Call Out Stigma If It Happens
Sometimes, even with the right words, doctors still react poorly. You might hear: “Why would you need that?” or “Are you using heroin?” or “You’re just looking for drugs.” When that happens, you have a right to respond. You don’t have to stay silent. Try this:“I’m concerned that I’m being judged because of how I’m talking about my substance use. I’m not asking for more pills. I’m asking for safety. If you’re not comfortable discussing this, I’d appreciate a referral to someone who is.”Dr. Nora Volkow, director of the National Institute on Drug Abuse, says: “Stigma is the single greatest barrier to people seeking treatment.” So naming it isn’t rude-it’s necessary. If your doctor gets defensive, it’s not your fault. It’s a system problem. And you’ve already done your part by speaking up.

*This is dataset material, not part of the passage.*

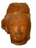 | Description / विवरण | A head of terracotta figurine with combed hair and tied on the top of the head like a bun. Head band with a crust like jewel and makarika ornament. It shows oval face, long pointed broad nose, thick lower lip, lenticular eyes not clear , pointed chin, fleshy cheeks, combed hair covers the earlobes. |
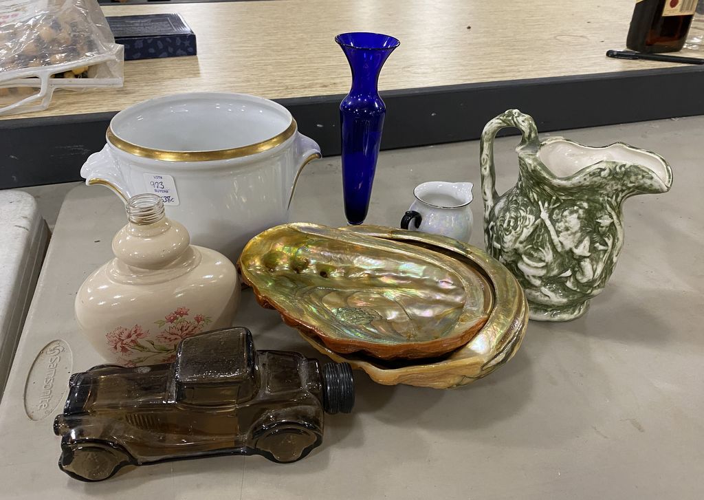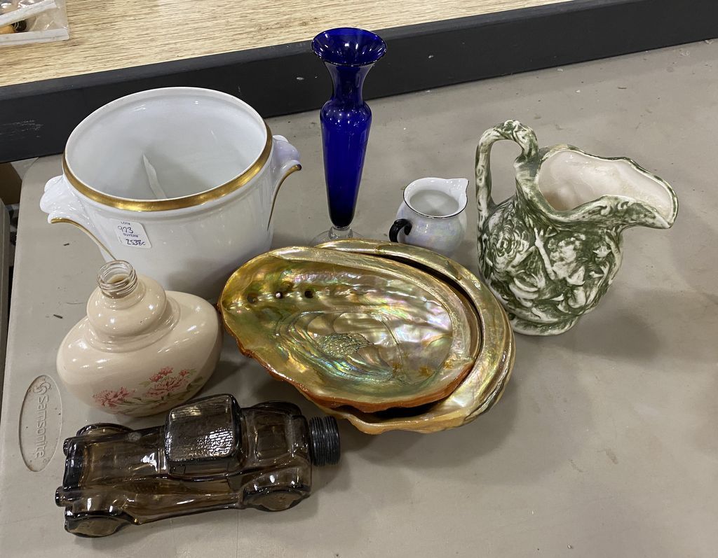 Group of decorative pieces, ceramic pitcher, porcelain vase, shell decor, glass car perfume. Group of decorative pieces, ceramic pitcher, porcelain vase, shell decor, glass car perfume.

Use the Same Script for All Chronic Conditions
Think about how you talk about other health risks. You don’t apologize for asking about blood pressure checks. You don’t feel guilty for asking about skin cancer screenings. Overdose prevention should be the same. Dr. Bobby Mukkamala from the American Medical Association says: “Naloxone access should be viewed like an EpiPen for allergies or a defibrillator for heart conditions. It’s not about behavior-it’s about preparedness.” So frame it that way:“I manage my chronic pain with medication. Just like we check my blood sugar if I have diabetes, can we talk about overdose risk as part of my regular care?”This shifts the conversation from judgment to standard medical practice.

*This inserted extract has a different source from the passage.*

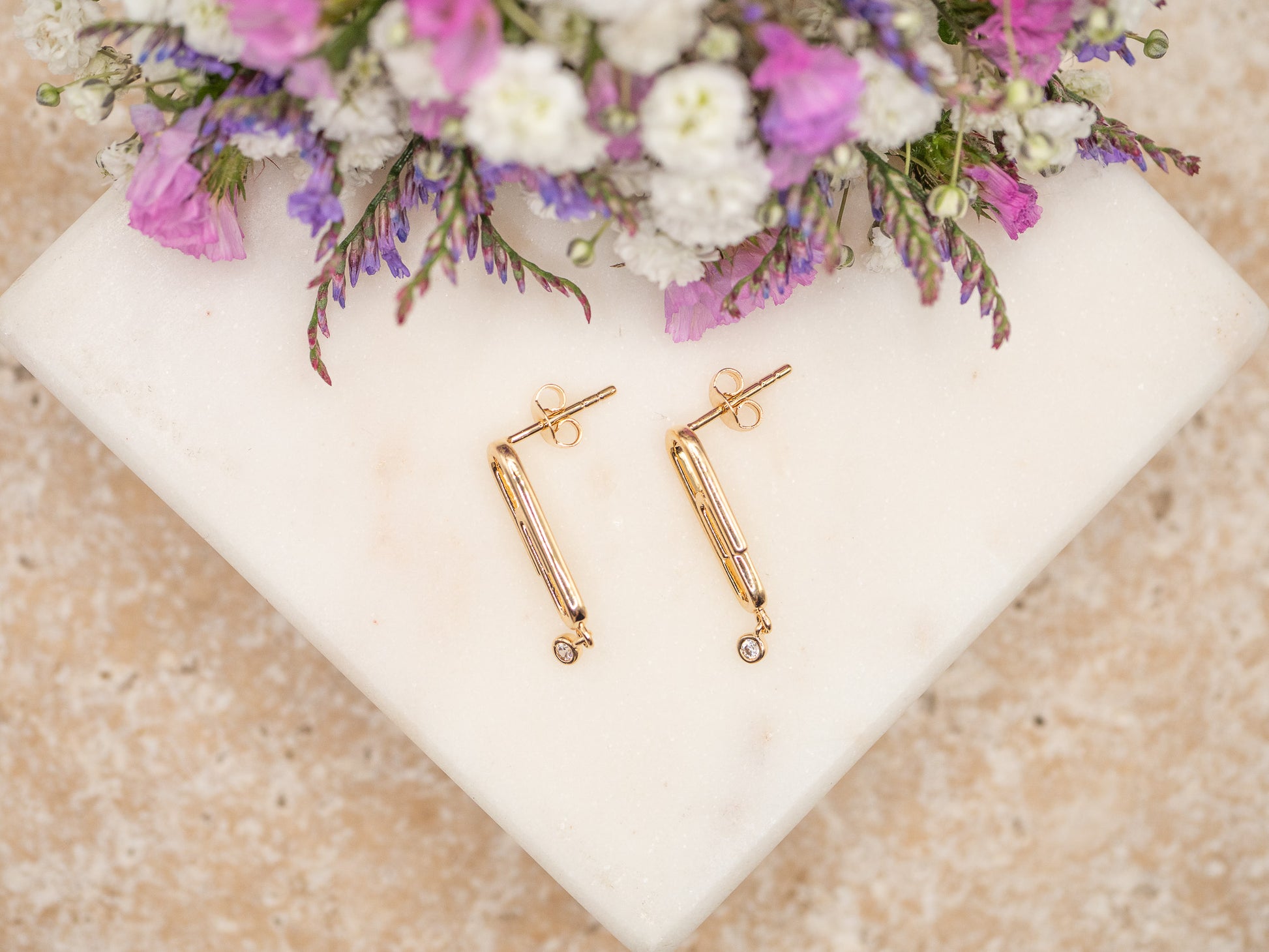 Bowie, ce sont les boucles d’oreilles pour les femmes caméléons — à la fois rock et minimalistes, à l’image du Londres des seventies où les looks se déclinaient entre tailoring androgyne et éclats glam. Une pièce graphique, asymétrique, qui évoque une épingle à nourrice chic ou une agrafe détournée en bijou.
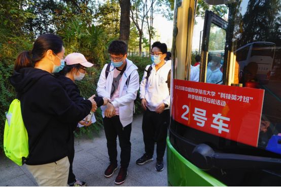早上7点半,全体师生准时到达乘车点,有序排队测量体温、手部消毒后上车就坐,疫情防控工作一刻也不松懈。

What If Your Doctor Says No?
Some doctors still don’t know how to respond. Or they’re afraid of legal issues. Or they’ve never been trained. If they refuse naloxone, ask:- “Can you refer me to a provider who specializes in addiction medicine?”
- “Is there a clinic nearby that offers overdose prevention services?”
- “Can you give me the name of a pharmacy where I can buy naloxone without a prescription?”